Exercise prompt
Here, set down only the lines between the line that contains "例:從所給四個選項中,選擇最" and the final line of the material, both included, exactly as written. Skip the pictures.

======== Dataset excerpt ========

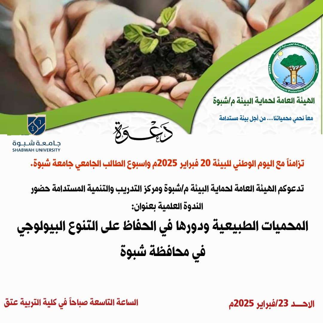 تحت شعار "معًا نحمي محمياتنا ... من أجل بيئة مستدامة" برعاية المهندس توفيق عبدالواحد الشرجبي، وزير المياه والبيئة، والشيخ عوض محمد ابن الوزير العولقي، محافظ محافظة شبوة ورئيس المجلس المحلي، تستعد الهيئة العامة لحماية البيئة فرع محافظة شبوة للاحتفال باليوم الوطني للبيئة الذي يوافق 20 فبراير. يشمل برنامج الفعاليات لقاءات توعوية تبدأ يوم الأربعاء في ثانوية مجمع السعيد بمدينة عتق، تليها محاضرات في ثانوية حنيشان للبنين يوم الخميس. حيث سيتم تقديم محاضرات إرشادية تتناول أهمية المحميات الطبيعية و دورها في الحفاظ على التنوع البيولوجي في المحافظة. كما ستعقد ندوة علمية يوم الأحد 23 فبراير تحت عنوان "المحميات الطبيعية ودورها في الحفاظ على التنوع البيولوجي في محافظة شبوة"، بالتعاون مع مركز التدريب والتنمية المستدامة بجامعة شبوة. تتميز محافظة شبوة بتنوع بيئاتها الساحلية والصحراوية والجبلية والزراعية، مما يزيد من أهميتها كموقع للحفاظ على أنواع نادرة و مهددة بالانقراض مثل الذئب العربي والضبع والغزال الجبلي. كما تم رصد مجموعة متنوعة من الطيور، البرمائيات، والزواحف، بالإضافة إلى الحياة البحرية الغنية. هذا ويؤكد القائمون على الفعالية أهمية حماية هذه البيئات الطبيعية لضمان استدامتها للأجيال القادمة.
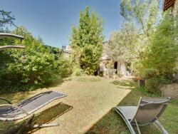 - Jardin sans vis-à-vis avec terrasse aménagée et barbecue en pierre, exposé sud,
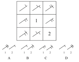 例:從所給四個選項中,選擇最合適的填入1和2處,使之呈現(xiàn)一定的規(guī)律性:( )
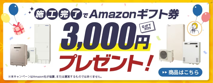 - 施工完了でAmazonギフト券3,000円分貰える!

========

Answer area
 例:從所給四個選項中,選擇最合適的填入1和2處,使之呈現(xiàn)一定的規(guī)律性:( )
 - 施工完了でAmazonギフト券3,000円分貰える!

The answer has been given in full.